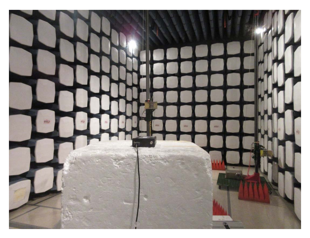
Radiated\ Emission\ above\ 1GHz\ (SVR\text{-}300M)-Rear\ View

Radiated\ Emission\ above\ 1GHz\ (SVR\text{--}300M)-Front\ View
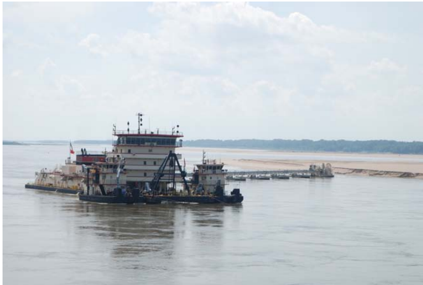
Dredging of the Mississippi River.

The district continually works with our partners and stakeholders to monitor water levels and provide a navigable port channel for normal barge traffic. Due to these low water levels, the Corps has changed the current dredging schedule in order to maintain navigation as long as possible.
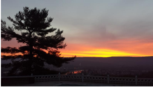
Sunrise at Cheon Il Goong Palace

Listen to me in silence, O coastlands; let the peoples renew their strength; let them approach, then let them speak; let us together draw near for judgment. Who stirred up one from the east whom victory meets at every step? He gives up nations before him, so that he tramples kings under foot; he makes them like dust with his sword, like driven stubble with his bow. Isaiah 41: 1-2
# # #
▸ **What the task requires**
Go through the records and show every line with the string "above" in it.

▸ **Written response**
Radiated\ Emission\ above\ 1GHz\ (SVR\text{-}300M)-Rear\ View
Radiated\ Emission\ above\ 1GHz\ (SVR\text{--}300M)-Front\ View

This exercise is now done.